新しい企画を考えようとするとき、頭の中はまるで砂時計のように狭い部分で詰まってしまうことがある。上から落ちてきた砂粒は確かにあるのに、出口が細すぎて思うように流れ出てこない。つまりアイデアは確かに存在するのに、形にするまでに時間がかかるのだ。このもどかしさは創作やビジネスの現場で誰もが一度は経験していると思う。
けれど面白いのは、砂時計を一気に振ってしまえば砂は勢いよく動き出すということだ。発想も同じで、普段とは違う視点から揺さぶってやると、意外な速度で出口にたどり着くことがある。例えば普段の環境を変えてみたり、全く関係のない話題を持ち込んでみたりすると、思考の粒が思いがけずつながり、形になっていく。
砂時計は決して永遠に砂を落とし続けるわけではない。一定の時間が経てば必ず止まる。その有限性もまた、創作や仕事のプロセスに重なって見える。締め切りがあるからこそ、私たちは焦りながらも集中し、最後の一粒まで絞り出すようにアイデアを生む。もし永遠に砂が流れ続ける砂時計があったら、逆に私たちはいつまでも動き出せないかもしれない。
最近私は、自分の作業時間をあえて砂時計で区切ることを試している。スマホのタイマーよりもずっと物理的で、目の前で粒が落ちるのを見ていると、自分の中のリズムが調整される感覚がある。砂が少なくなるにつれて焦りが出るが、それがむしろ集中力を引き出してくれる。まるで「今しかない」という感覚が形になって目の前に置かれているようだ。
砂時計の中には無数の粒が入っているけれど、ひとつひとつを数えることはできない。私たちの思考も同じで、すべてを言葉にして拾い上げることはできない。それでも確かに流れは存在し、必ず下へと落ちていく。重要なのは、すべてを完璧にコントロールすることではなく、その流れを信じて待ちながら、出口を工夫して広げてやることではないだろうか。
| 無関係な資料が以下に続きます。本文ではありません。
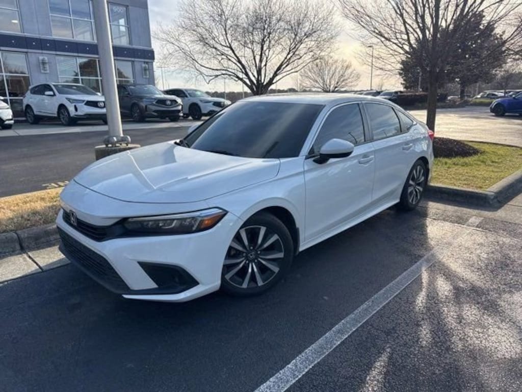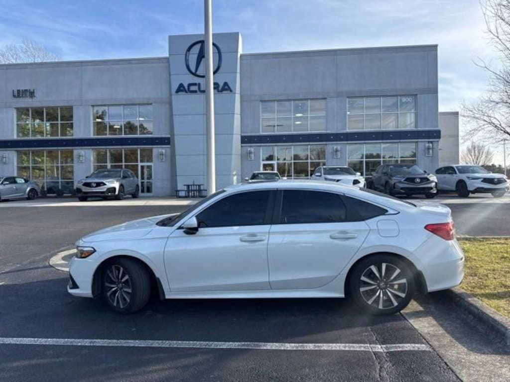 Platinum White Pearl 2023 Honda Civic EX FWD CVT 1.5L I-4 DI DOHC Turbocharged Black w/Cloth Seat Trim.

砂時計を見つめながらそんなことを考えていると、日々の仕事や創作の詰まりも、ただ出口が狭いだけなのだと気づかされる。砂は必ず落ちる。ならば焦らずに、そして時には大胆にひっくり返して、新しい流れを作り出せばいい。砂時計はただの道具ではなく、思考の動きを映す小さな鏡のような存在なのかもしれない。